What these guys are showing is a zero shot approach to new tasks in new environments with 80% accuracy. This is a big deal. Pi0 from Physical Intelligence is the best model to compare I think.

It’s important to keep some perspective: there are zero robots in the wild, at the moment, that use a world model to work on tasks they weren’t specifically trained on. This is cutting edge research and an 80% success rate is astonishing!

  • 80% success rate is also potentially commercially viable if the task is currently being done by a human.

    Work that was once done by 10 humans can now be done by 10 robots + 2 humans for the 20% failure cases, at a lower total cost.

    • This really depends on the failure modes. In general, humans fail in predictable, and mostly safe, ways. AIs fail in highly unpredictable and potentially very dangerous ways. (A human might accidentally drop a knife, an AI might accidentally stab you with it.)

      1 reply →

    • It might still be a little slow (I'm not sure if the 16 seconds to compute an action is fast enough for commercial use cases), but this is definitely exciting and seems like a great step forward.

  • I'm surprised that's not how it's already done. I'd figure some of the inner layers in LLMs were already "world models" and that it's the outer layers that differentiated models between text vs. images/robotics/other modes...

    • That's what the propaganda says, but when we keep explaining it isn't true, and army arrives to repeat adcopy from their favourite tech guru.

      All statistical models of the kind in use are interpolations through historical data -- there's no magic. So when you interpolate through historical texts, your model is of historical text.

      Text is not a measure of the world, to say, "the sky is blue" is not even reliably associated with the blueness of the sky, let alone that the sky isnt blue (there is no sky, and the atmosphere isn't blue).

      These models appear "capture more" only because when you interpret the text you attribute meaning/understanding to it as the cause of its generation -- but that wasnt the cause, this is necessarily an illusion. There is no model of the world in a model of historical text -- there is a model of the world in your head which you associate with text, and that association is exploited when you use LLMs to do more than mere syntax transformation.

      LLMs excel most at "fuzzy retrieval" and things like coding -- the latter is principally a matter of syntax, and the former of recollection. As soon as you require the prompt-completion to maintain "semantic integrity" with non-syntactical/retrivable constraints, it falls apart.

      11 replies →

  • I can buy this, given a very wide meaning of "specifically trained on" and handwaving a bit about "as far as I know*", but then I read the actual wording of "new objects in new and unseen environments.", and remember these were floating around Mountain View doing tasks involving in new objects in novel environments years ago. Then I kinda gotta give up and admit to myself I'm distorting the conversation by emphasizing positivity over ground truth.
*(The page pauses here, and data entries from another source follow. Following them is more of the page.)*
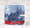 Christmas train with blank red ribbon, square, rectangle and circle variation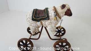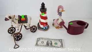 Lot #0022: Vtg. Sheep Carriage, Goose, Lighthouse & Water Can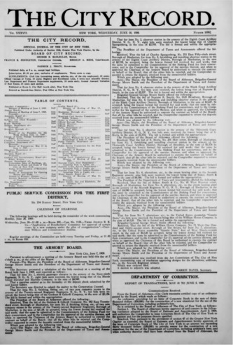 The City Record newspaper publishes notices which includes but is not limited to: public hearings and meetings, public auctions and sales, solicitations and awards and official rules proposed and adopted by city agencies. This is the City Record Newspaper for June 30, 1909.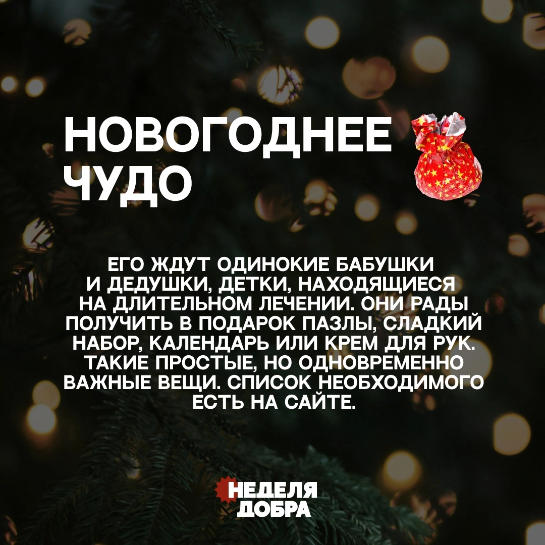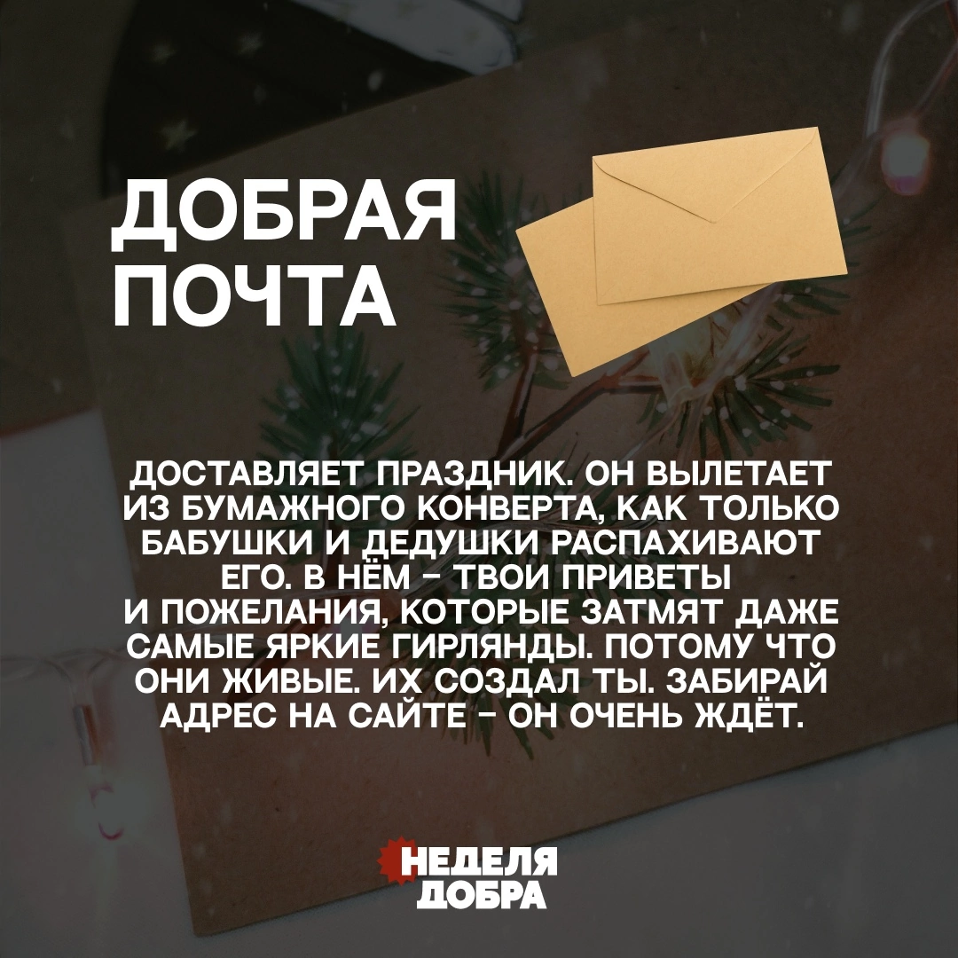 12 декабря 2023Добрая неделя — возможность отблагодарить тех, кто ежедневно делится своим теплом с окружающими, тех, кто нашел в своей повседневной жизни место для подвига. А еще возможность присоединиться к доброму движению, которое объединяет людей по всей планете.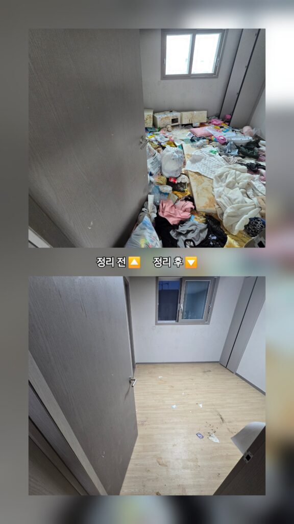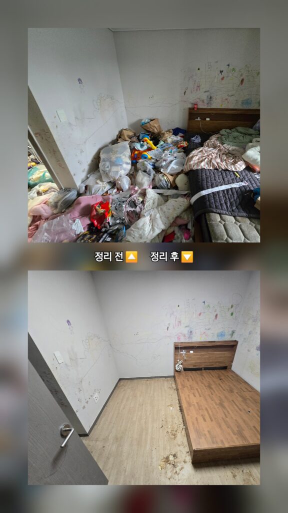 쓰레기와 박스가 쌓여 있던 방이 청소 후 정말 환하게 달라졌습니다. 작은 먼지 하나까지 신경 써주셔서 깔끔하게 정리된 걸 보고 감탄했어요. 혼자 살면서 청소가 힘드신 분들께 꼭 추천드리고 싶은 서비스입니다.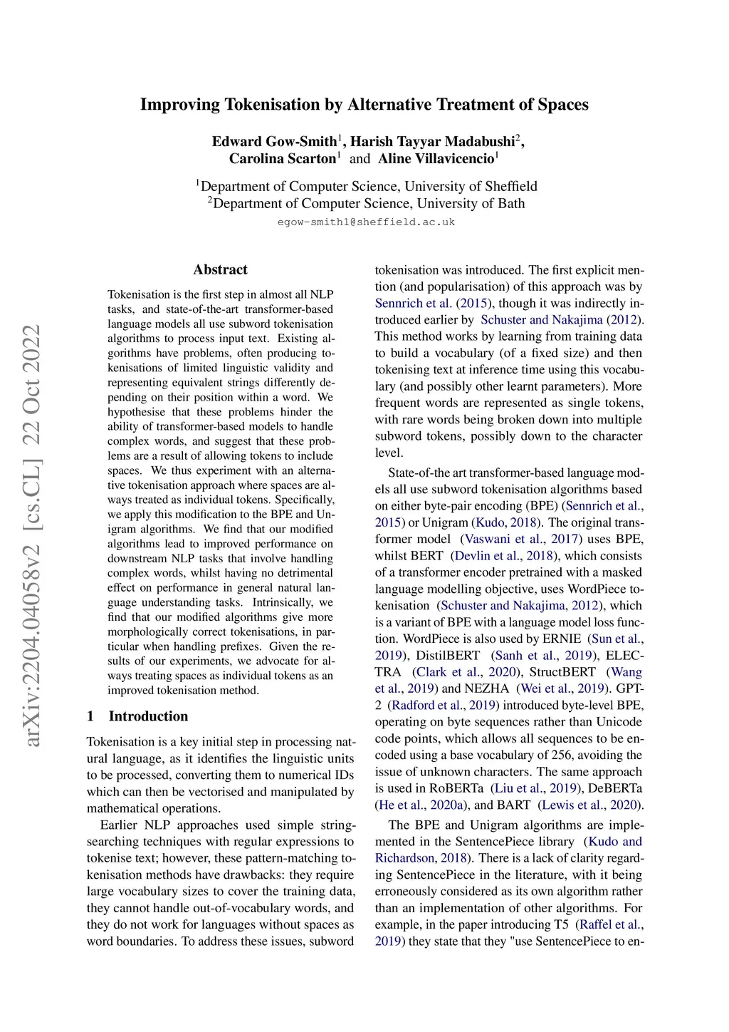 Tokenisation is the first step in almost all NLP tasks, and state-of-the-art transformer-based language models all use subword tokenisation algorithms to process input text. Existing algorithms have problems, often producing tokenisations of limited linguistic validity, and representing equivalent strings differently depending on their position within a word. We hypothesise that these problems hinder the ability of transformer-based models to handle complex words, and suggest that these problems are a result of allowing tokens to include spaces. We thus experiment with an alternative tokenisation approach where spaces are always treated as individual tokens. Specifically, we apply this modification to the BPE and Unigram algorithms. We find that our modified algorithms lead to improved performance on downstream NLP tasks that involve handling complex words, whilst having no detrimental effect on performance in general natural language understanding tasks. Intrinsically, we find our modified algorithms give more morphologically correct tokenisations, in particular when handling prefixes. Given the results of our experiments, we advocate for always treating spaces as individual tokens as an improved tokenisation method.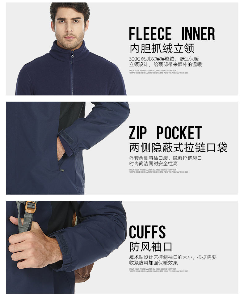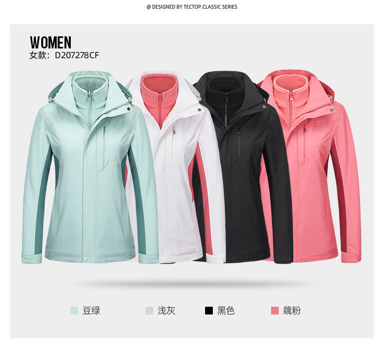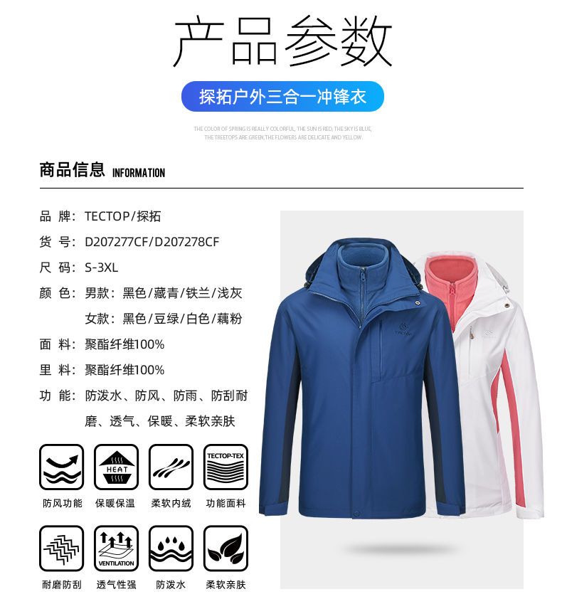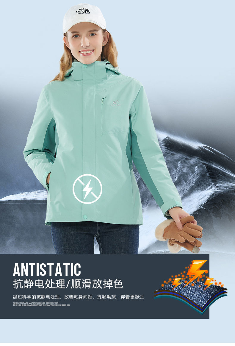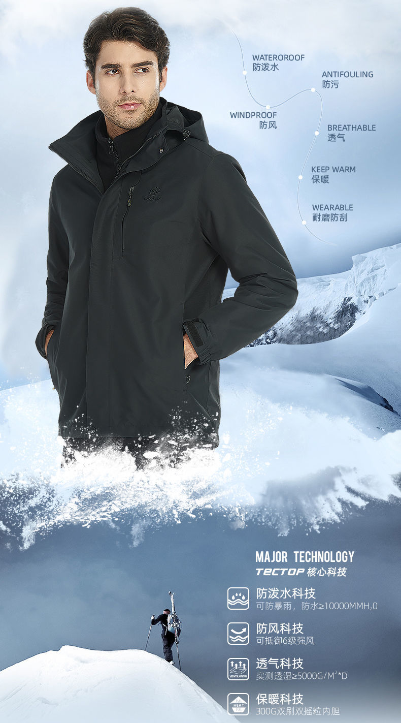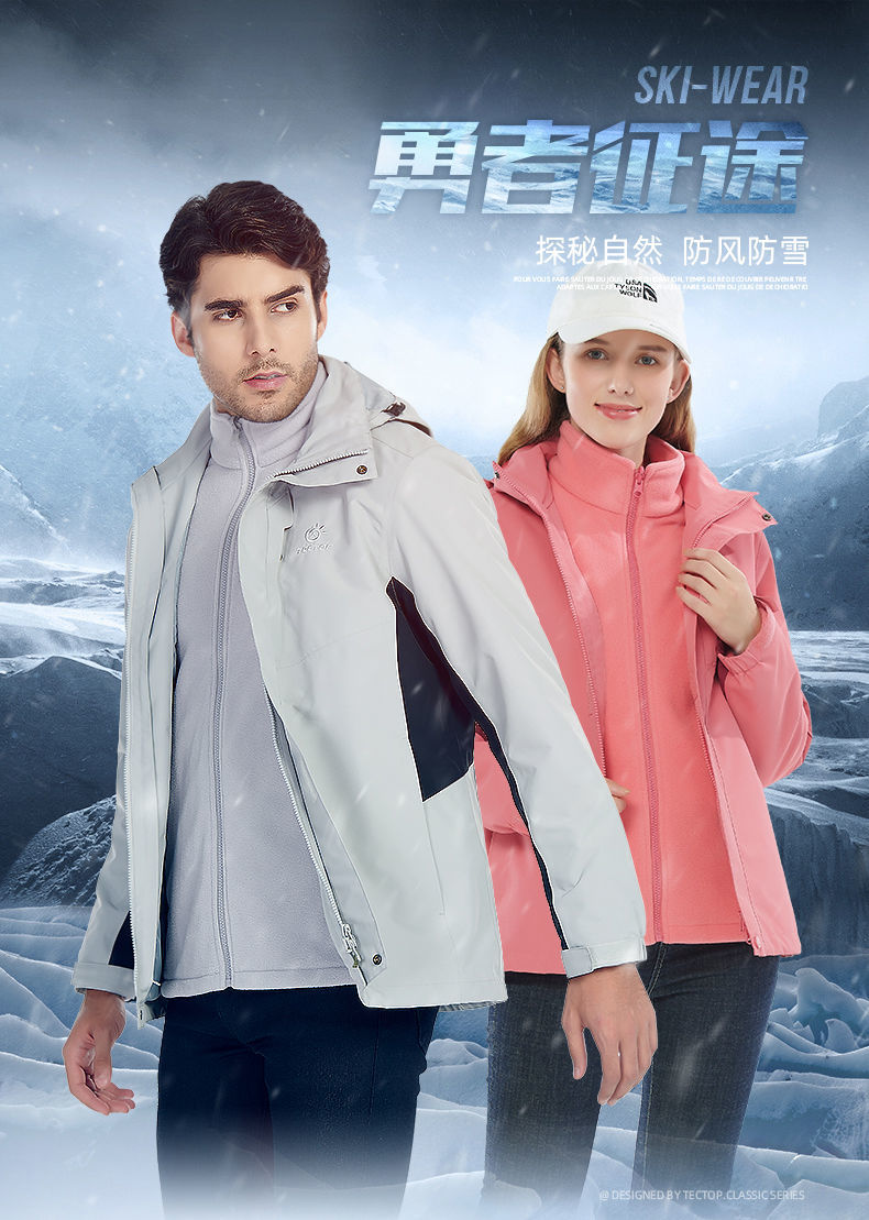 探拓冲锋衣男女秋冬季三合一可拆卸加绒保暖防风防水户外登山外套

  • They don’t use it because it’s unsafe and potentially life threatening lol

    • Plenty of things are unsafe and potentially life threatening, including machines with pre-programmed routines that we use today. We already have robots with limited intelligence interacting safely with humans in workplaces.

      This learning technology didn't exist until this moment in time. That probably has more to do with why no one is using it in the wild.

      1 reply →

I run thousands of robots in production. We can get a very high success rate but only for the task they're designed for. Production robots can't pick up stuff they drop yet. And this '80%' level is not actually acceptable or even state of art for just pick-and-place, but it's compelling for a robot that also knows how to do other things with equal quality (if JEPA does that).

Yeah, I also wonder how old school approaches using machine vision and IK and hard algorithms would compare, or perhaps some hybrid method?

your comment is not aligned with how science is done. For discoveries you certainly work with limited approaches and certainly don't know if there is a "clear trajectory".